Put all of this together and it leads to some serious attraction between the Russians, manifest in the frequency with which I observed public displays of affection. It was a rare subway car that did not have at least one young couple lip locked and smooching in a corner somewhere. Public parks were much the same. Most people seemed relatively uninterested if not completely oblivious to the displays which created a remarkable contrast to attitudes prevailing in the countries I have visited to date.
Muscovites are not the only feature of the city that will characterize my prevailing impression of the place. There were also fantastic museums (especially if you can read Cyrillic, or better yet Russian), and iconic buildings that are some of the most identifiable places on earth. There are galleries with works by Russian masters, and places of great historical significance.
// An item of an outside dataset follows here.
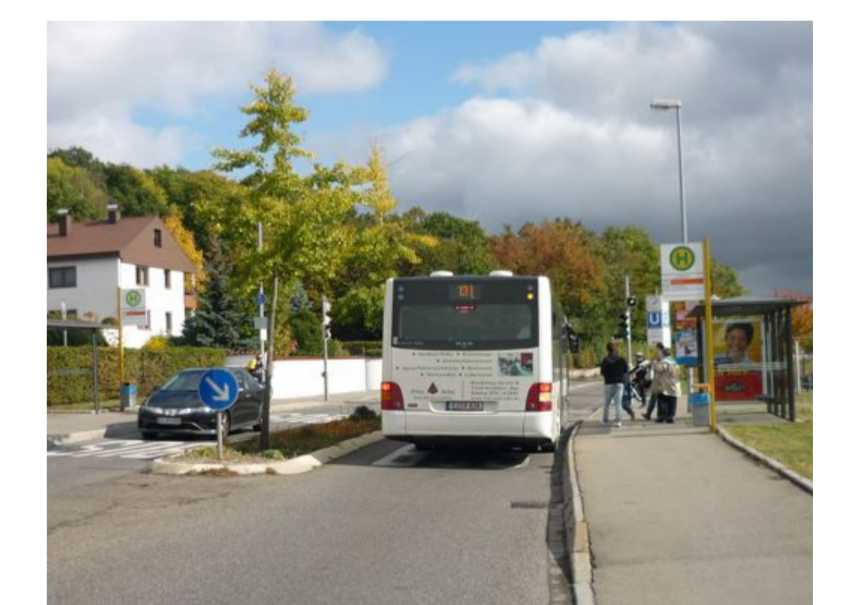
Bushaltestelle mit Bauminsel bremst den Verkehr und hilft den Fußgängern in Ruit (Landesstraße)

The buildings that make the biggest impression however are the cathedrals. They are all over the place, many having survived the seventy year experiment in an atheist communist society, while others perished and were reconstructed. The most colossal reconstruction was that of the Cathedral of Christ the Saviour which Stalin had razed to the ground in order to construct a swimming pool. The Cathedrals are great to visit, most being colourful, painted wall to wall and floor to ceiling with the orthodox pantheon (well, what I mean is Jesus, Mary, Angels, and Saints). Throughout the day, the bells of the cathedrals can be heard chiming in many quarters of the city.
Alas the time had come to say goodbye to this grand city, and to move on to the northernmost point of my journey. It’s just past five now and soon it will be light out. That is my cue to hit the metro and scour the streets for a place to stay. I am travelling without a guidebook which is great adventure but also promotes uncertainty and disorganization. The lack of reliable information is also the principal factor that led me to wind up at such a dive in Moscow. It had a prime location, but I think my mattress was stuffed with barbed wire. Hopefully I can do better here.